South Korean officials say it may take time to confirm claims that Taleban insurgents have killed one of their hostages.
Meanwhile, South Korean media quote a government official saying at least eight other hostages have been released.
The self-described Taleban spokesman Qari Yousuf Ahmadi informed reporters of the killing Wednesday. Earlier in the day, Ahmadi warned in a telephone call the hostages were in grave danger.
Ahmadi says the Taleban is not satisfied with the Afghan and South Korean governments' response to demands that several Taleban prisoners be released. He declares the hostage negotiations a failure, and says "a few" of the South Korean hostages may be executed.
No formal affiliation has ever been confirmed between Ahmadi and the Taleban. Occasionally, some of his statements have proven to be inaccurate.
Regardless, South Korean officials confirm they are devoting serious attention to the threat, and to broader efforts to free the hostages.

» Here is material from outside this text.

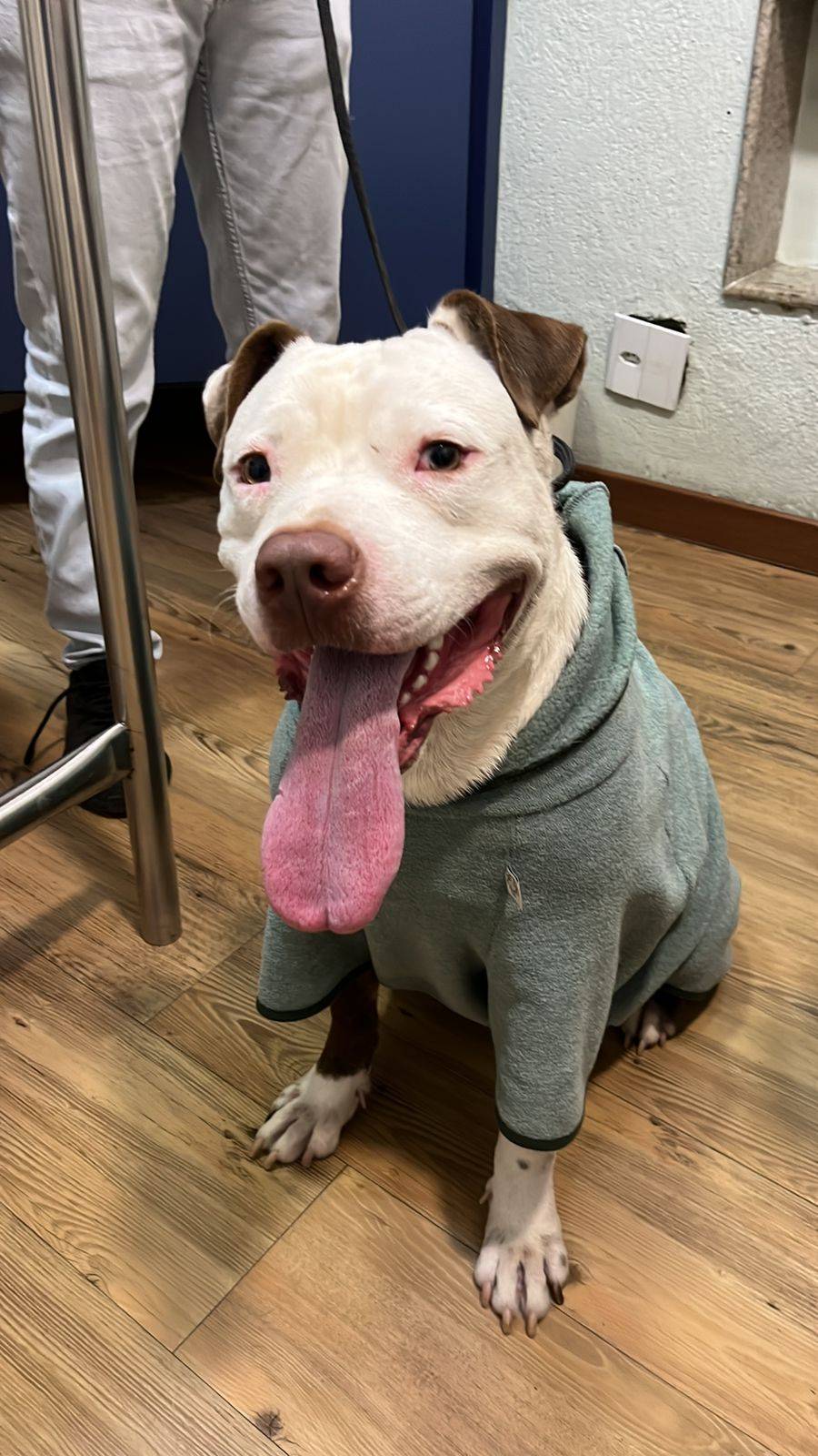 Esse é o Tobias, resgatado por mim, tem entre 1 ano e meio a 2 aninhos. Está prontinho pra ser adotado — já iniciou o protocolo vacinal e se adotado tem adestramento e castrado

Here in South Korea, relatives of the hostages agonized over Wednesday's threat.
Kim Hyung-seok, president of the aid foundation that organized the trip, says some family members of the 23 hostages fainted when they heard the new threat.
The Taleban kidnapped the 23 South Koreans-- 18 of them women-last Thursday.

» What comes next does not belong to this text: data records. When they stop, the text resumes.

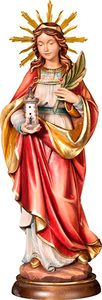Protectora contra tormentas y rayos, ejemplo de fortaleza cristiana. Patrona de Artilleros, mineros, arquitectos. Festividad: 4 de diciembre.
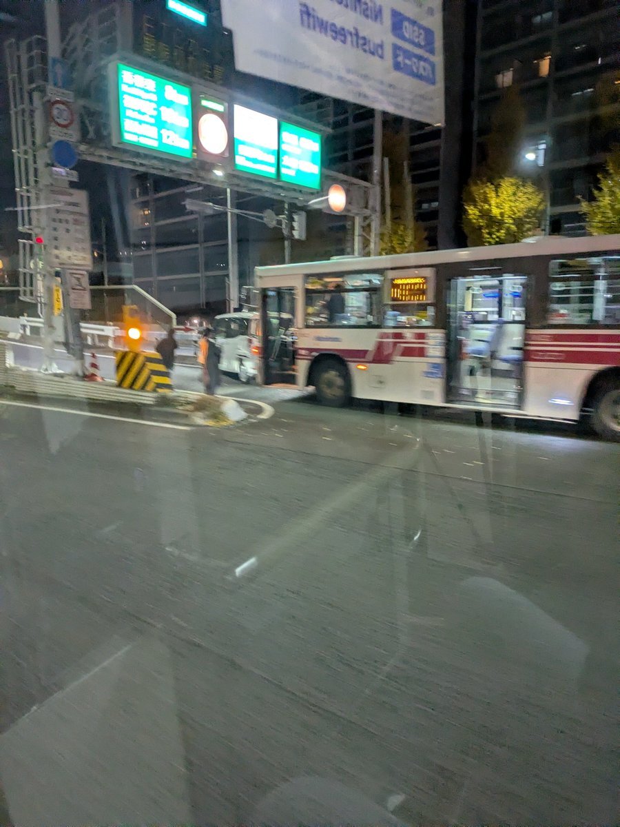 【現場の様子】#交通情報 福岡県福岡市博多区下呉服町 福岡都市高速入口付近 乗用車とバスの衝突事故で一部交通規制12月2日 #福岡 #博多 #バス
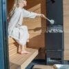 Saunum Experience : Chauffage de spa à domicile polyvalent avec des options de puissance allant de 3,6 kW à 9 kW, adapté aux petites salles de sauna (2–10 m³). Conception compacte disponible en noir ou gris anthracite, avec hauteur réglable et option de paniers de pierres ouverts ou fermés. Contrôle via l’unité Saunum Leil ou Leil Mobile, et système breveté de mélange d’air enrichi en ions de sel de l’Himalaya pour une expérience de sauna relaxante.
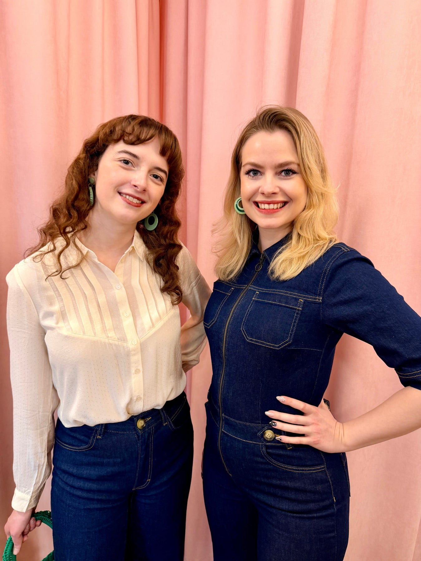 Simona er 163 cm høj og har buksedragten på i str 36. Kathleen er 165 cm høj og har buksedragten på i str 34.

All of them are members of a Christian church outside of Seoul. Although the church describes their activities as humanitarian, many critics describe the travelers as missionaries, who put themselves unnecessarily at risk in one of the world's hotbeds of Islamic militancy.

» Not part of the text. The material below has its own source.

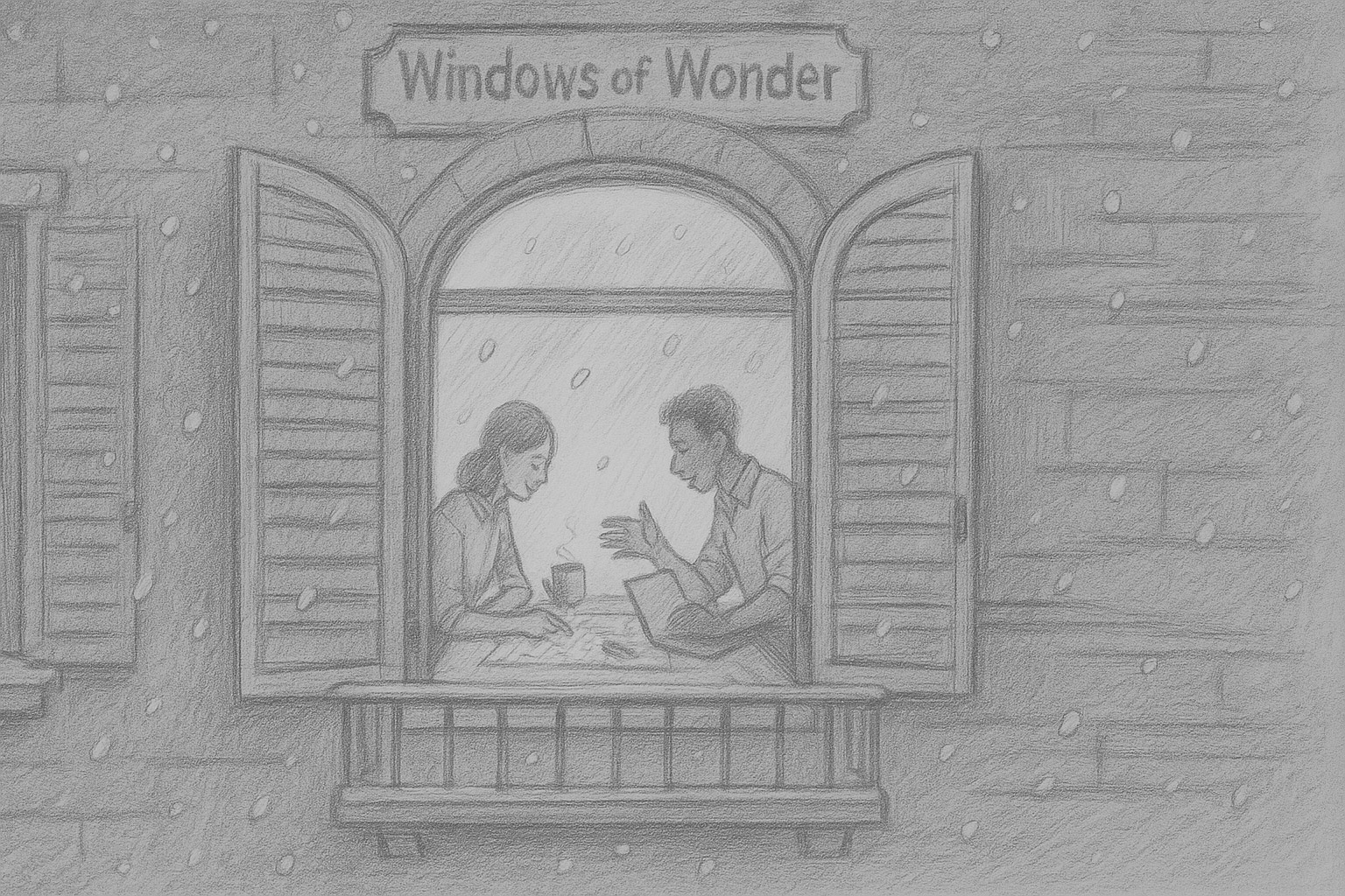 POV exterior. Dos Heartists colaboran en una mesa (notas, portátil, taza humeante). Copos cruzan el primer plano.

South Korea bans most travel to Afghanistan, where a few hundred its soldiers and civilian personnel provide non-combat support to international security efforts.
The 23 hostages made their trip illegally. Since their capture, Seoul has announced harsher penalties for travel to banned areas.
South Korea is second only to the United States in the number of Christian missionaries it sends abroad, with an estimated 12,000 engaged in projects in about 160 countries.